Hi, the other day I was leaving Path-Mark parking lot. When I stepped on the brake it went to the floor. I drove it home, looked for leaking fluid at all four wheels no leaks.

I blamed and changed the master cylinder. When done I found the real line has a leak under the trunk. I change the line on both rear from the middle of the car to the rear wheel cylinders/brake hoses.

Now when I drive and I have to stopped in an emergency the front right locks up, screechs the tire.

I now suspect the I must have shortened the left rear brake line because I did not follow the *curve or bending* over the rear chassis. I since removed and chopped up the old lines and put them in the garbage.

I want to re-do the left rear but do not know the right length. How can I get the correct length?

I looked in the factory service manual without any luck.

Thank you.


----------



## jameshenry (Aug 11, 2015)

Try to refit real line and after going through the service manual follow the curve or bending over the real chassis. If the problem still persists get it checked from the authorized dealers.


----------



## Aone (Jan 15, 2008)

That is exactly what I want to do but do not know where curve and bending goes. Do not know anyone with a Stanza (these are rare now). I was hoping it is documented in a manual somewhere.

If I can determine the length, maybe, I could add bending within the length.

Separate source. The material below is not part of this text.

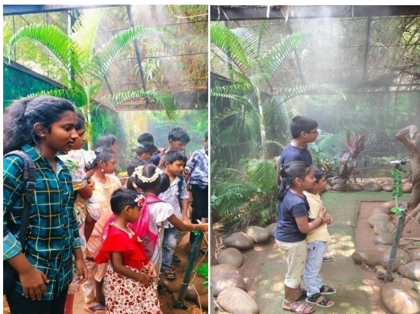
(Mist sprayer fitted to maintain the ambient temperature to escape from the scorching summer heat.)

During the month April 2025, several precautionary arrangements were made to beat the summer heat. Misting chambers were created in yellow anaconda enclosure, Dog faced snake enclosure and walk through Iguana Enclosures. Water sprayed in all enclosure to reduce the heat. In albino python enclosure and chameleon enclosure, jute bags are spread above the enclosure and water sprayed at regular intervals. Enclosure ambient temperatures were regularly monitored.

The right side I did not follow the bending neither but it seems to work. I am thinking the length is close to the original length.


----------



## Aone (Jan 15, 2008)

Someone told me to change the master cylinder since I changed the master cylinder and the brake lines at the same time then he will help me run a new brake line. Last night I installed the old master (it was not bad) and the problem went away. The new master from amazon is bad. My worries is over.


----------